[<prev] [next>] [<thread-prev] [thread-next>] [day] [month] [year] [list]
Message-ID: <MN2PR12MB45172880B30787CA283A3A22D8009@MN2PR12MB4517.namprd12.prod.outlook.com>
Date: Thu, 1 Jul 2021 08:50:42 +0000
From: Danielle Ratson <danieller@...dia.com>
To: Vladimir Oltean <vladimir.oltean@....com>
CC: "netdev@...r.kernel.org" <netdev@...r.kernel.org>,
"davem@...emloft.net" <davem@...emloft.net>,
"kuba@...nel.org" <kuba@...nel.org>,
"shuah@...nel.org" <shuah@...nel.org>,
Ido Schimmel <idosch@...dia.com>,
Nikolay Aleksandrov <nikolay@...dia.com>,
"gnault@...hat.com" <gnault@...hat.com>,
"baowen.zheng@...igine.com" <baowen.zheng@...igine.com>,
Amit Cohen <amcohen@...dia.com>
Subject: RE: [PATCH net-next] selftests: net: Change the indication for iface
is up
> -----Original Message-----
> From: Vladimir Oltean <vladimir.oltean@....com>
> Sent: Friday, June 25, 2021 12:51 AM
> To: Danielle Ratson <danieller@...dia.com>
> Cc: netdev@...r.kernel.org; davem@...emloft.net; kuba@...nel.org; shuah@...nel.org; Ido Schimmel <idosch@...dia.com>;
> Nikolay Aleksandrov <nikolay@...dia.com>; gnault@...hat.com; baowen.zheng@...igine.com; Amit Cohen
> <amcohen@...dia.com>
> Subject: Re: [PATCH net-next] selftests: net: Change the indication for iface is up
>
> Hi Danielle,
>
> On Thu, Jun 24, 2021 at 06:15:15PM +0300, Danielle Ratson wrote:
> > Currently, the indication that an iface is up, is the mark 'state UP'
> > in the iface info.
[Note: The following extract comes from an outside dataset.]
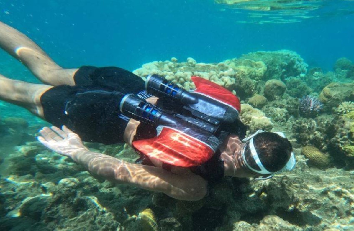 والجهاز مزود ببطارية مدمجة مباشرة في الزعانف الصدرية. تعمل حزمة الليثيوم المُطوّرة خصيصاً على تحسين وقت التشغيل، من خلال التبريد المائي الغامر، بفضل مساحة سطح الزعنفة وشكلها الانسيابي، كما يُمكن فك الزعنفة بالكامل لاستبدال البطارية الفارغة بأخرى جديدة فوراً، حتى دون الحاجة للخروج من الماء.

That situation can be achieved also when the
> > carrier is not ready, and therefore after the state was found as 'up',
> > it can be still changed to 'down'.
> >
> > For example, the below presents a part of a test output with one of
> > the ifaces involved detailed info and timestamps:
> >
> > In setup_wait()
> > 45: swp13: <BROADCAST,MULTICAST,UP> mtu 1500 qdisc fq_codel master
> > vswp13 state UP mode DEFAULT group default qlen 1000
> > link/ether 7c:fe:90:fc:7d:f1 brd ff:ff:ff:ff:ff:ff promiscuity 0
> > minmtu 0 maxmtu 65535
> > vrf_slave table 1 addrgenmode eui64 numtxqueues 1 numrxqueues 1
> > gso_max_size 65536 gso_max_segs 65535 portname p13 switchid
> > 7cfe90fc7dc0
> > 17:58:27:242634417
> >
> > In dst_mac_match_test()
>
> What is dst_mac_match_test()?
>
> > 45: swp13: <NO-CARRIER,BROADCAST,MULTICAST,UP> mtu 1500 qdisc fq_codel
> > master vswp13 state DOWN mode DEFAULT group default qlen 1000
> > link/ether 7c:fe:90:fc:7d:f1 brd ff:ff:ff:ff:ff:ff promiscuity 0
> > minmtu 0 maxmtu 65535
> > vrf_slave table 1 addrgenmode eui64 numtxqueues 1 numrxqueues 1
> > gso_max_size 65536 gso_max_segs 65535 portname p13 switchid
> > 7cfe90fc7dc0
> > 17:58:32:254535834
> > TEST: dst_mac match (skip_hw) [FAIL]
> > Did not match on correct filter
> >
> > In src_mac_match_test()
>
> What is src_mac_match_test()?
>
> > 45: swp13: <BROADCAST,MULTICAST,UP,LOWER_UP> mtu 1500 qdisc fq_codel
> > master vswp13 state UP mode DEFAULT group default qlen 1000
> > link/ether 7c:fe:90:fc:7d:f1 brd ff:ff:ff:ff:ff:ff promiscuity 0
> > minmtu 0 maxmtu 65535
> > vrf_slave table 1 addrgenmode eui64 numtxqueues 1 numrxqueues 1
> > gso_max_size 65536 gso_max_segs 65535 portname p13 switchid
> > 7cfe90fc7dc0
> > 17:58:34:446367468
>
> Can you please really show the output of 'ip link show dev swp13 up'?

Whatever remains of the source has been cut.